Naturally, he is much more fascinated and drawn to the electronics. Or the dogs chew toy. On the latter, Poly is very good natured and rather than growling or snapping, she just goes and picks it up and moves it or lays in front of it.

All of this speed and fascination has led to a new word in TJ's listening vocabulary, "no." The word "no" at the right tone and inflection can stop him in his tracks just long enough to look over his shoulder, ponder, and continue on his travels. I go over, pick him and remove him from the area he should not be in and in the time it takes me to sit back down he is half way back to said area.

(Unfortunately, Poly thinks the "no" is always directed at her and she is getting a little neurotic with all of this behavior modification.)

So in the past week not only did we start to crawl forward, but also crawl forward quickly. Lisa is now going through the mental gymnastics of baby proofing the house. The physical gymnastics will be assigned to me, of course.

Yea!

Thursday, February 21, 2008

Forward Gear

It's official! TJ is now a forward crawler.

The phone call came on Saturday afternoon. I was working at our annual AD White Student Leadership Conference at Cornell. Dad and Samantha were at home for the day on "baby duty". I could not take the call right away, but when I found the moment to call back, Rich said, "we got ourselves a crawler."

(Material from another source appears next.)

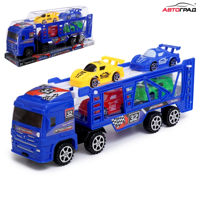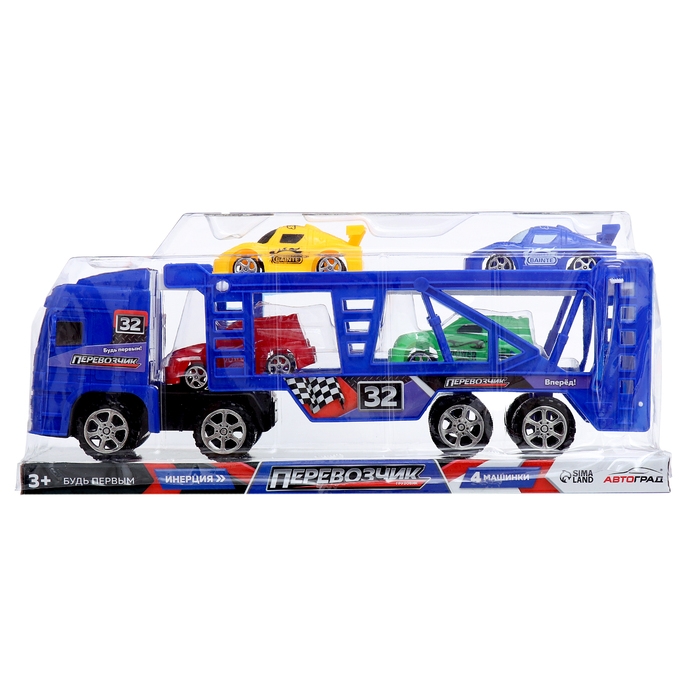 Грузовик «Автовоз», инерционный, с 4 машинами, цвет синий

"Really!" I remarked. "How far can he go?"

"How far do you want him to go?" Rich said back.

Earlier that day as people were asking me how TJ was doing my standard remark was, "he is doing well. He is crawling backward, he just needs to figure out how to get it into forward gear." I guess he found it.

I am so pleased to know that Dad and Sam were at home to see it first. Yep, mommy guilt crept in. I was not at home to see the first crawl. But at least Rich could be a part. There is so much that he may miss in the future. . . so I will give him this one. He deserves it.

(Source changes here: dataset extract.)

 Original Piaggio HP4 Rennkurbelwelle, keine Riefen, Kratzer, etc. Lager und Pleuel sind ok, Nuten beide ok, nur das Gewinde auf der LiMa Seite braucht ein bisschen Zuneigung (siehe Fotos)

Now that it has been a few days, TJ is becoming more familiar with forward gear. His speed is increasing. But he still pops it in and out of neutral and reverse quite a bit. Baby proofing the house is in our near future. We know that for sure.

Thursday, February 14, 2008

TJ's First Valentines Day

Happy Valentine's Day! Oh boy. TJ MUST love his mommy and daddy, because for his very first Valentine's Day he gave us the gift of sleep. Yep! That is right. TJ slept through the entire night. A first! Bed at 8:00 PM and woke up at 6:15 AM. Yippee!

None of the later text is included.